Writing a JSON Parser
May 18, 2020
Notes on Writing a simple JSON Parser: https://notes.eatonphil.com/writing-a-simple-json-parser.html
- JSON is pretty easy to parse
Parsing is often broken up into two stages
- lexical analysis
- syntactic analysis
Lexical Analysis breaks source input into the simplest decomposable elements (tokens)
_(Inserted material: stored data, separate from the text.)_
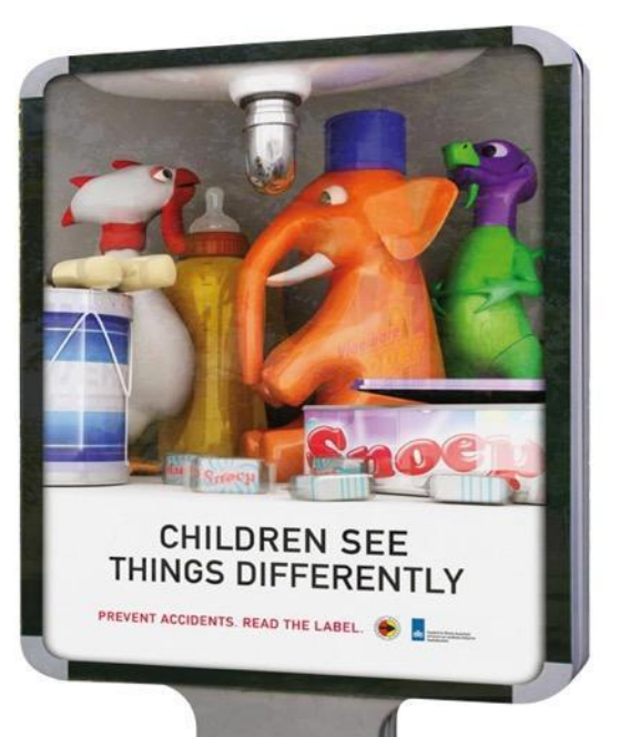
Image taken with permission from the Dutch safety campaign 'Children see things differently'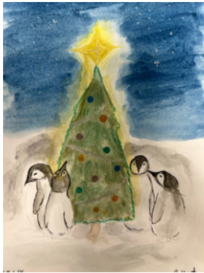
2nd Places L Rolland Year 8 Turing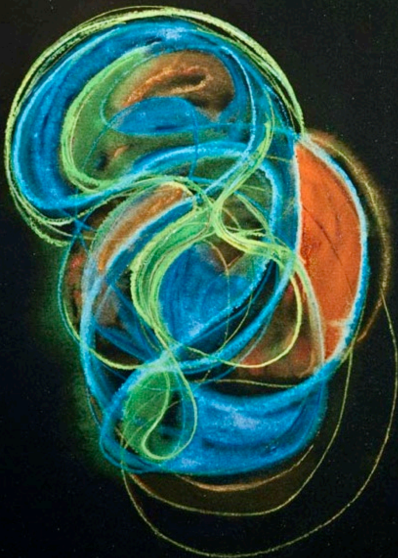
Tango 134 x 184 x 6 cm Mixed media on canvas 2011

Syntactic Analysis is often called parsing, receives the list of tokens and tries to find patterns in them.
Lexical Analysis
- input string is broken into tokens
- comments and whitespace are often discarded
- A simple lexical analyzer might iterate over all the characters in an input string non-recursively
Syntactic Anlysis
- iterate over a one-dimensional list of tokens and match groups of tokens up to pieces of the language according to the defination of the langauge
Call lex - return tokens Call paser on the tokens
- A key difference between this lexer and parser is that the lexer returns a 1D array of tokens. Parser are often defined recursively and returns a recursive tree like object. Since this is JSON NOT a language this parser just returns the needed datastructures
A JSON parser - iterate over the tokens received after a call to lex and try to match the tokens to objects, lists, or plan values
Parsers are often defined recursively and return a recursive, tree-like object. Since JSON is a data serialization format and not a language the parser should produce objects in Python rather then a syntax tree.